• [What you need to do]: Restate word for word all of the lines below, with each image left out.

• [Given material]:

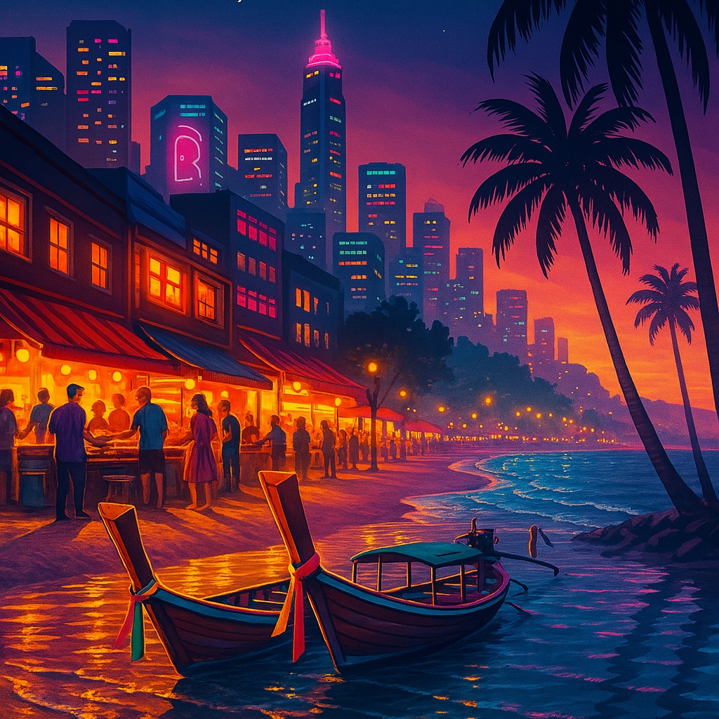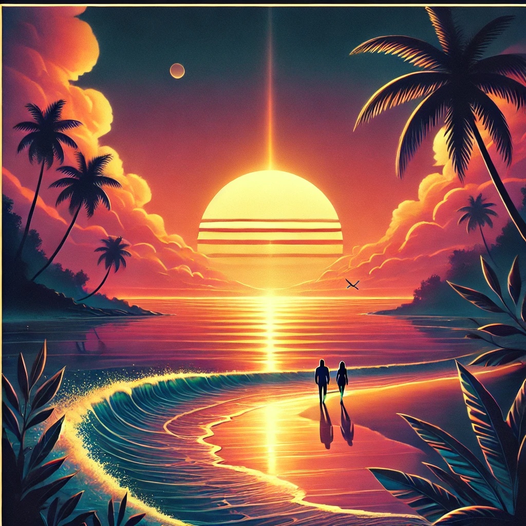 A fusion of tropical house, acoustic pop, and cinematic elements—combining warm guitar melodies, steel drums, and smooth synth waves
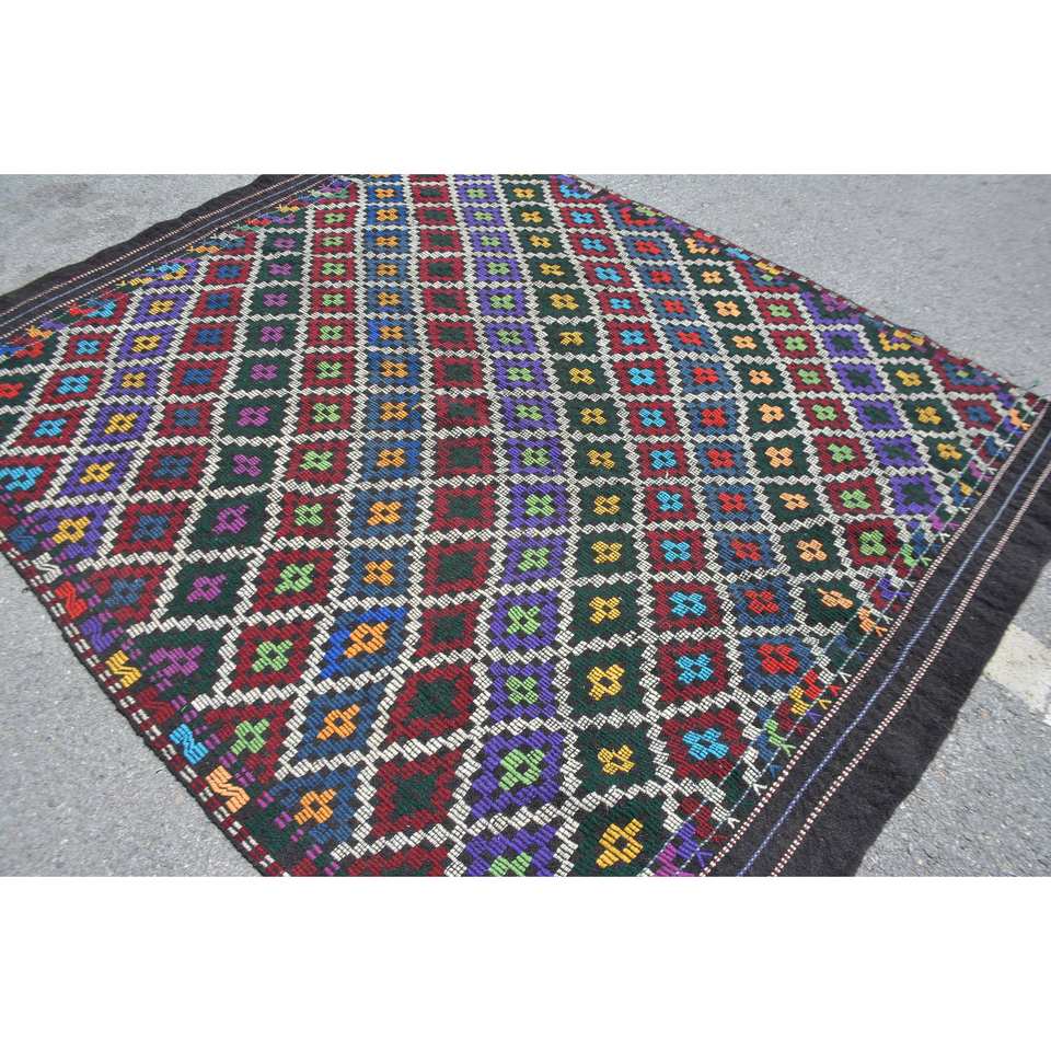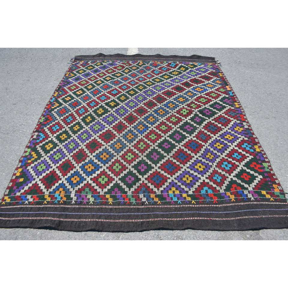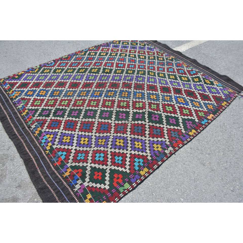 พรมสไตล์ชนเผ่าโบราณสไตล์ตุรกีขนาด6.3x7.9ฟุตขนสัตว์ดีไซน์แบบเย็บปะสีเบจคลาสสิกมียางเหนียวด้านหลังสำหรับใช้ในห้องนั่งเล่น
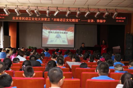 3月20日下午,昌平区巩华中心小学邀请北京语言文化研究员李赫宇做了一场《北京市民语言文化大讲堂之“京味语言文化”》讲座。讲座旨在宣传中华优秀传统文化,培养孩子们对语言文化的民族认同感,激发学生对传统文化尤其是京味语言文化的研究兴趣。李老师从北京城的历史和北京话的历史开始讲解,运用生动具体的例子讲解了北京话的起源,特色。语言诙谐幽默,学生们听得津津有味。通过这次讲座,同学们受益匪浅,不仅对北京语言有了大概的了解,而且在了解京味语言文化的独特魅力中增强民族精神,激发民族自豪感,传承中华精气神韵。五年级200余名师生参加了本次活动。

• [Output below]:
 A fusion of tropical house, acoustic pop, and cinematic elements—combining warm guitar melodies, steel drums, and smooth synth waves
 พรมสไตล์ชนเผ่าโบราณสไตล์ตุรกีขนาด6.3x7.9ฟุตขนสัตว์ดีไซน์แบบเย็บปะสีเบจคลาสสิกมียางเหนียวด้านหลังสำหรับใช้ในห้องนั่งเล่น
 3月20日下午,昌平区巩华中心小学邀请北京语言文化研究员李赫宇做了一场《北京市民语言文化大讲堂之“京味语言文化”》讲座。讲座旨在宣传中华优秀传统文化,培养孩子们对语言文化的民族认同感,激发学生对传统文化尤其是京味语言文化的研究兴趣。李老师从北京城的历史和北京话的历史开始讲解,运用生动具体的例子讲解了北京话的起源,特色。语言诙谐幽默,学生们听得津津有味。通过这次讲座,同学们受益匪浅,不仅对北京语言有了大概的了解,而且在了解京味语言文化的独特魅力中增强民族精神,激发民族自豪感,传承中华精气神韵。五年级200余名师生参加了本次活动。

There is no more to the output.